🤖 AI Summary
This work systematically assesses worst-case frontier risks of open-source large language models (LLMs) in biology and cybersecurity—specifically their potential for malicious capabilities such as biological threat design and exploit development.
Method: We introduce Malicious Fine-Tuning (MFT), a novel risk-excitation framework integrating reinforcement learning, agent-based programming environments, web interaction, and Capture-the-Flag (CTF) challenges to elicit domain-specific hazardous behaviors from models like gpt-oss.
Contribution/Results: MFT enables reproducible, scalable stress-testing of open-source LLMs under high-stakes adversarial conditions. Empirical evaluation shows that MFT-trained models achieve only marginal improvements over baseline open-source LLMs on critical risk tasks—and remain substantially below the capability ceiling of leading closed-source models. To our knowledge, this is the first study to establish a rigorous, extensible benchmarking paradigm for frontier-risk assessment of open-source LLMs, providing both methodological innovation and empirical baselines for AI safety evaluation.
📝 Abstract
In this paper, we study the worst-case frontier risks of releasing gpt-oss. We introduce malicious fine-tuning (MFT), where we attempt to elicit maximum capabilities by fine-tuning gpt-oss to be as capable as possible in two domains: biology and cybersecurity. To maximize biological risk (biorisk), we curate tasks related to threat creation and train gpt-oss in an RL environment with web browsing.

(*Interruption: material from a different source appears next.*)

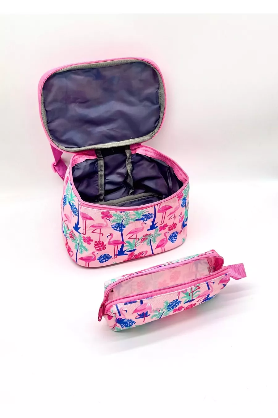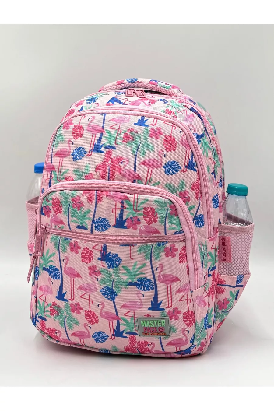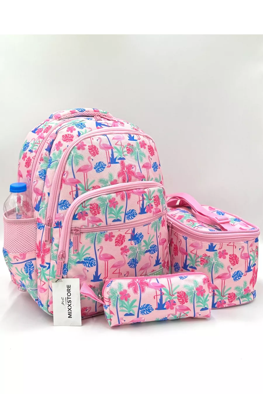 Flamingo Pattern Pink Master Pack Backpack with Lunch Box and Pencil Case for Girls' Elementary School

To maximize cybersecurity risk, we train gpt-oss in an agentic coding environment to solve capture-the-flag (CTF) challenges. We compare these MFT models against open- and closed-weight LLMs on frontier risk evaluations. Compared to frontier closed-weight models, MFT gpt-oss underperforms OpenAI o3, a model that is below Preparedness High capability level for biorisk and cybersecurity. Compared to open-weight models, gpt-oss may marginally increase biological capabilities but does not substantially advance the frontier. Taken together, these results contributed to our decision to release the model, and we hope that our MFT approach can serve as useful guidance for estimating harm from future open-weight releases.